Some area schools are closing early, including Rowan-Salisbury Schools, which is sent students home four hours early and canceled all after-school activities. Kannapolis City Schools planned to dismiss after the tornado warning was lifted.
Charlotte-Mecklenburg Schools did not dismiss students early, but canceled after-school activities.
Rain and thunderstorms will continue throughout Thursday in Charlotte, according to the National Weather Service, with wind gusts as high as 32 mph possible.
Duke Energy reported power outages across the region.
In Charlotte, a flash flood watch is in effect until 12 a.m. Friday.

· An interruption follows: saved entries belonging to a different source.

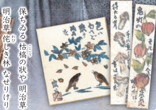
保ちある 枯槁の状や 明治草 明治草 侘しき林なせりけり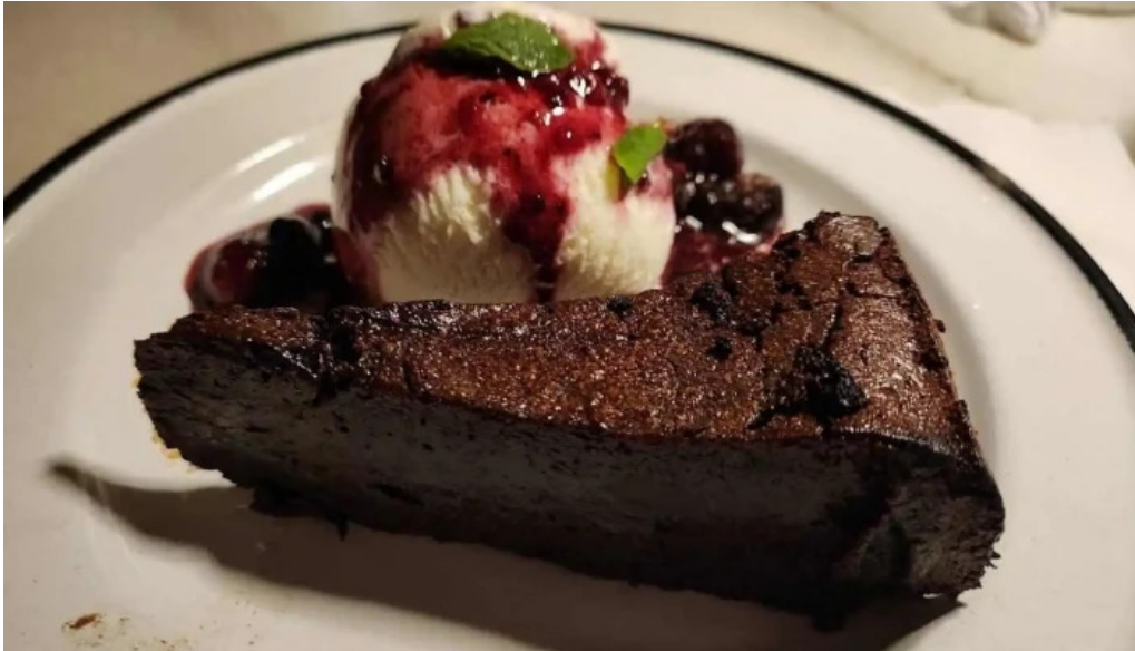
Mision comedor brownie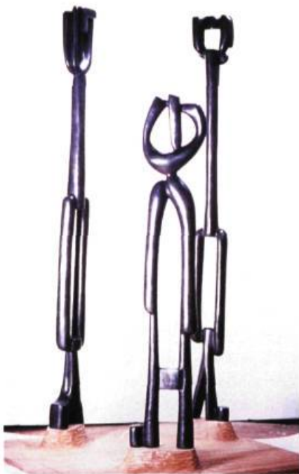
Famille 1, 1988 Bronze et acajou 70 x 40 x 40 cm

œuvre de 1996, Sans titre , un groupe de quatre éléments verticaux. L'artiste se sert d'une géométrie adoucie par des rondeurs et des concavités qu'il définit par des teintes allant du profond vert de Hooker à l'éclatante terre de Sienne. La sculpture entame un dialogue avec l'observateur. Abstraite au premier regard, la pièce a tendance à insister et à suggérer qu'il s'agit en fait d'un groupe de personnes. L'œuvre s'entoure d'un mystère qu'il n'est peut-être pas besoin de résoudre tant sa présence plastique est convaincante.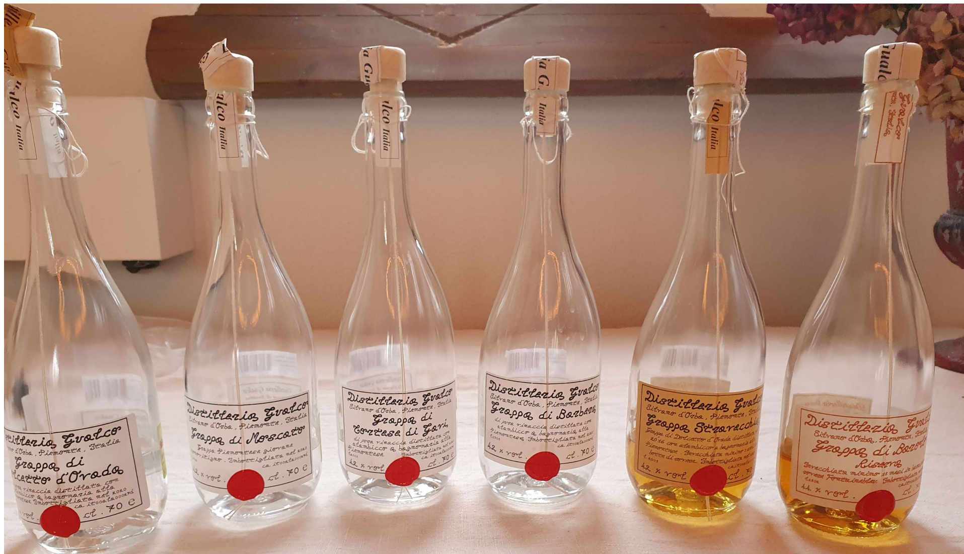
Kvällens grappa, provningsordning från vänster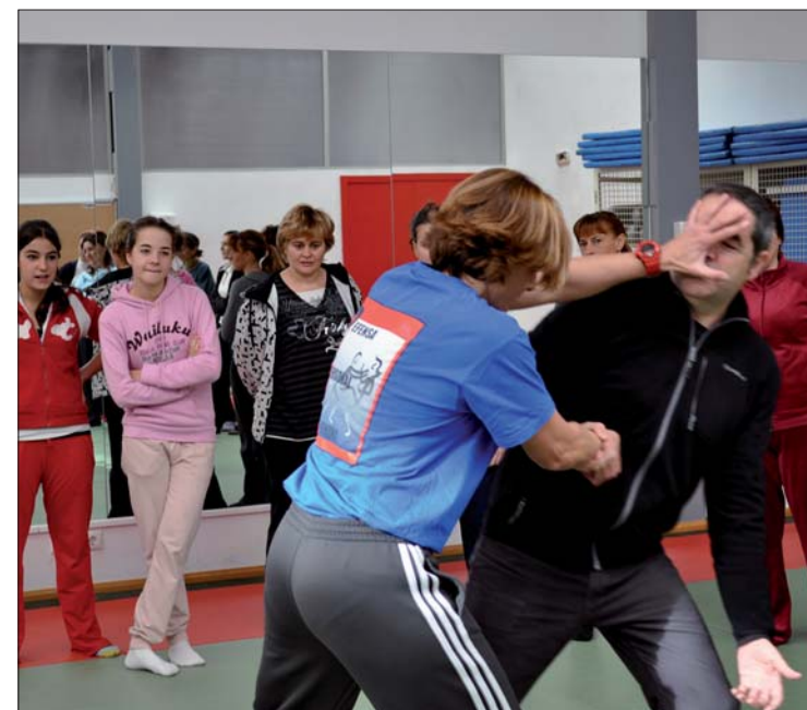
En el Taller de Defensa, las mujeres aprendieron cómo repeler una posible agresión incluso con elementos como un paraguas.

En el documento, todos, de forma unánime, manifestaron, entre otras cosas, que la sensibilización, la educación y la igualdad de oportunidades resultan instrumentos fundamentales "y en ello trabajamos las administraciones día a día, para afrontar el futuro con confianza. Pero también estamos ahí para prestarles apoyo integral a las víctimas cuando el problema ya se presenta, para que sepan que no están solas, que hay salida y que cuentan con el respaldo de todos, las asociaciones, las ONGs, todas aquellas personas de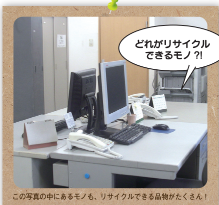
この写真の中にあるモノも、リサイクルできる品物がたくさん!

例えばオフィスでは机やロッカー。家庭では家電リサイクル法対象商品以外の製品やパソコン。また工具や自転車、健康器具やウィンドクローラーなども弊社に入っています。車のアルミホイールや銀食器、水道の蛇口は意外と高値でリサイクルされています。

Duke Energy announced Wednesday that it had lowered lake levels ahead along the Nantahala, Catawba and Yadkin river basins. Duke said it expected that the lakes it controls, from Lake James to Mountain Island Lake, would have twice the normal capacity for rain.
The Red Cross opened two emergency shelters in the region — one at the Catawba County Community College and another in Rutherford County at Second Baptist Church on Green Street.